Jill stood in front of Becca and was motioning towards the door to his inner office.
Becca hadn’t seen her get up from her own desk or walk over.
“Thank you,” Becca said, shooting to her feet.
She followed Jill to the door.
Once there, Jill swung it open and then stepped back for Becca to enter.
“Becca, I was so surprised to see you on my appointment schedule for today,” James Standish said, rising from his desk.
He crossed the office and extended his hand.
Becca reluctantly shook his offered hand as Jill closed the door.
“Come, sit,” he said, motioning to the small conference table to the right of his desk.
“I won’t be here long enough to get comfortable, James. I found it. I know. And for me to keep quiet, it’s going to cost you.”
“I have no idea what you’re talking about,” he said.
“Nicole knew it. She left me the proof and made a recording in which she said that she was going to come talk to you. And then they were dead,” Becca said accusingly.
“Now wait just a minute,” Standish blurted.

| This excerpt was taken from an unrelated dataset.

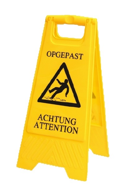 Bord „Opgepast“ 4 talen o.a.Nederlands

“Their deaths had nothing,” he began, but Becca cut him off.
“Their deaths had everything to do with it, and you know it. What I need to know is, was it deliberate? Did you know what the combination of those chemicals would do before they got sick? Or was your first instinct afterwards to cover it up rather than to get them help?” Her voice was demanding and unwavering.

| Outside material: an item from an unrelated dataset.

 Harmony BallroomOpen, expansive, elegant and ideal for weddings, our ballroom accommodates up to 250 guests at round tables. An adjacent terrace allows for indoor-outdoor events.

She was channeling her best trial attorney cross-examining a hostile witness like she’d seen in countless legal thrillers.
“Nick was careless. Nick poisoned himself,” James Standish insisted.
“No,” Becca argued. “We both know that Nick was just like my mother. He was methodical, careful, and risk adverse.” At the mention of her mother, she saw James flinch.
“And let’s talk about my mother, too. She would never have allowed these chemicals to be used in the lab. If she was here, the development of this drug would never have taken place. Is that why you did it to her?”
“Careful Becca, you need to walk a fine line on this topic,” Winston’s voice came into her ear through the comms.
“I didn’t do anything to your mother and father’s plane,” Standish said, a bit too aggressively to be believed.
“Nicole came in here with those same accusations. She was as wrong as you are.”
“Ah, so you confirm that Nicole came in here and confronted you about this before they were killed? That’s not a coincidence, James. How could you have had them all killed, my nieces, little girls, for God’s sake! Shot in their heads in their beds. Jesus Christ, James! You’re a father.”
“No, I didn’t do that. I have no idea who,” he said.
She interrupted him.
“Bull shit! Don’t lie to me. You know exactly who ordered it if it wasn’t you, probably even know who actually did it. And had I not been at Nicole’s house packing their things up when those men came back to look for it, I would never even have known there was something I should be looking for.” Something then occurred to her that she hadn’t thought of before or mentioned to the people at Shepherd Security.
“Something they were willing to die to get, willing to kill me for. And I would never have found it. But you couldn’t be patient and wait, could you? Why not? What was time sensitive in it? That’s what I can’t figure out.”
Standish’s lips tipped into a grin that told her she’d overplayed it.
She had just said something that told him she didn’t know it all, certainly didn’t know enough.
“Get out,” he said.
“If I leave, your one chance to stop me from going public and ruining you and Well-Life walks out the door with me,” she bluffed.
“Oh, and right now, the proof is with a friend that will release it if anything happens to me.”
She returned James Standish’s determined stare.
“This isn’t who you are, Becca. You’re not going to try to ruin Well-Life. Your mother gave her soul to this company.”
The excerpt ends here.